# Moultrie Digital GameSpy Camera Problem :^(



## Niner (Aug 4, 2005)

Wellllll, I bought the last of the Moultrie Digital GameSpy Cameras that Wally had left.  Set it up in the den for a test run.  Looks like it may be going back.   

When first activated it will take pics to beat the band....but when you leave it alone for several hours and come back, it won't "wake-up".

I call the tech no-support at Moultrie, and they said they'd never heard of one doing that (suuuurrrre the haven't).  Said I should just take it back to Wally and exchange it for another.  Hmmmmmmm maybe I'll just get my money back and try something else.  

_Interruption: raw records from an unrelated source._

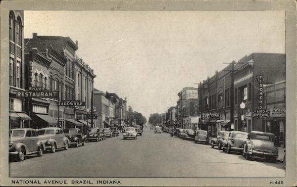 Front: S. MOAK RESTAURANT H. E. BARDWARE S. AUTO Katy] SUPPLIES CAFE NATIONAL AVENUE, BRAZIL, INDIANA H-448 Back: VIEW CLEAR MFD. BY WAYNE PAPER BOX & PRTG CORP., NORT WAYNE, IND Brazit chaud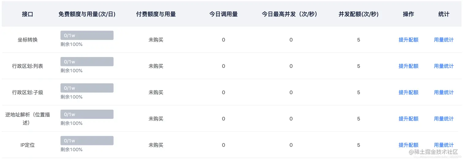 同时,可以在查看配额界面查看各接口的用量情况:
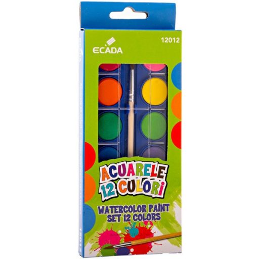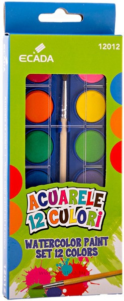 Vízfesték 23 mm, ajándék ecset Ecada 12 szín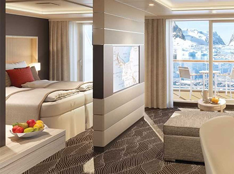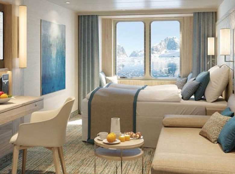 All cabins are outward-facing and feature large windows. All are equipped with climate control, an expedition command center—including tablets, multiple electrical and USB outlets, a TV, barometer, a National Geographic Atlas, and more—a mini refrigerator, small safe, and robes. Bathrooms are outfitted with a rain shower and directional showerhead, botanically inspired products, and a hair dryer. Enjoy luxury linens and pillows, as well as complimentary insulated water bottles.  #608, 610, 612, 613-623 — Suite with balcony that features two balcony chairs and a table; two single beds that can convert to a queen, convertible sleeper sofa, coffee table, writing desk with chair, hammock, two bedside tables, and a closet.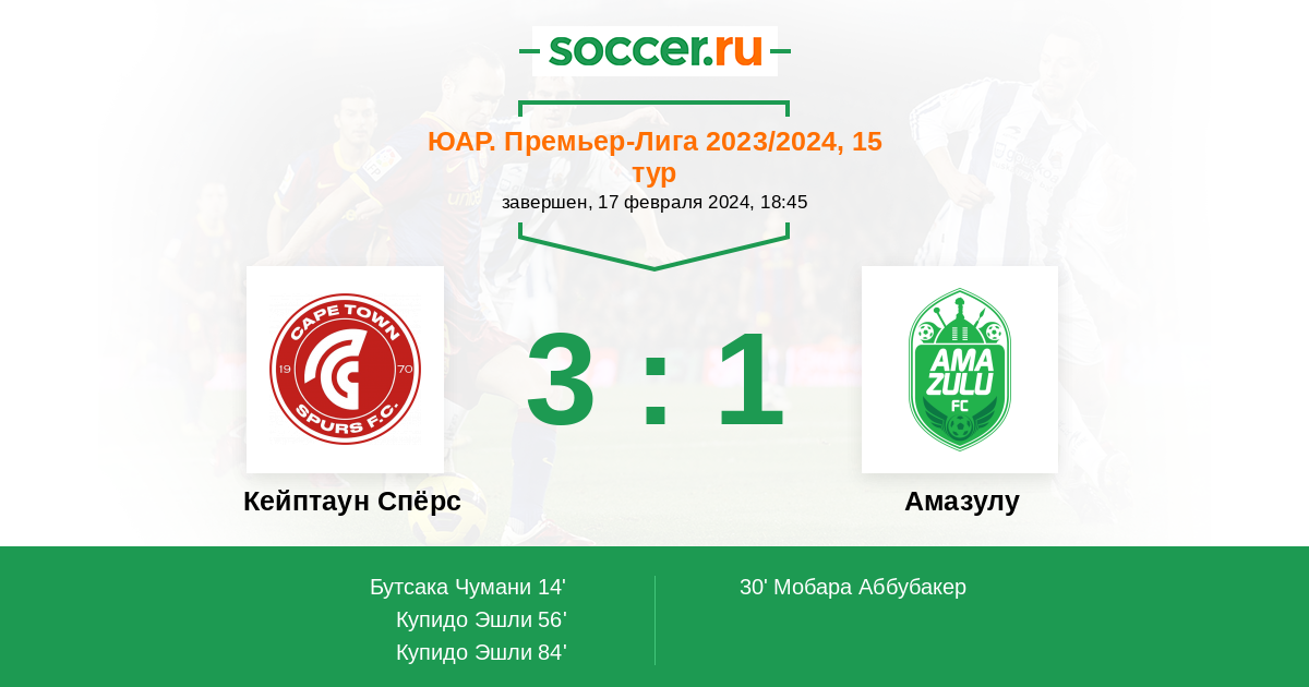 30' (1:1) Мобара Аббубакер (2) (Экстейн Хендрик Пуле (27))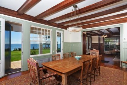 This rare and classic south-facing Summer Cottage on 3.2 lush acres has been painstakingly restored to its original splendor. It offers 5 bedrooms, 4 1/2 baths including 3 ensuite, large living room with fireplace, formal dining room, library, and a gourmet kitchen suite with laundry, butler's pantry, breakfast area, sitting area with fireplace/woodstove, and a connecting dining porch. It has bay views from nearly every room and all of its ori

Has anyone else had this problem with one of these digi-cams???


----------



## gadeerwoman (Aug 4, 2005)

Send a pm to CamoToy. He's got a couple of these models and he may be able to give you a hint as to what the problem is. If you can't reach him here, you can reach him on Skips forum.


----------



## Ta-ton-ka chips (Aug 4, 2005)

Thats never happened to me. I've got 4. Are you sure the battery is good? The camera goes dormant with a low battery? Give me a PM, maybe we can figure it out!


----------



## striper commander (Aug 4, 2005)

that's the same thing mine was doing with a new battery showing 99 percent i took it back.


----------



## camotoy (Aug 5, 2005)

niner sent you a pm ,,,low battery or bad connection may cause this problem ,,1 thing i didnt say in my pm ,,check the allegator clips and make sure where the wire crimps to it is tight ,,mine was loose and kept loosing conectivity,,a little solder  fixed mine ,,,over 800 pics and still going strong!!!!!!!!


----------



## Niner (Aug 5, 2005)

OK, I'll get a regular "lantern battery" and give that a try as well as checking the gaters.  Thanks.


----------



## Niner (Aug 8, 2005)

Well, taking it back to Wally World.  

I wonder, if this was one of the last ones they made if their QC might have been a bit lax.


----------



## Ta-ton-ka chips (Aug 9, 2005)

Niner said:
			
		

> Well, taking it back to Wally World.
> 
> I wonder, if this was one of the last ones they made if their QC might have been a bit lax.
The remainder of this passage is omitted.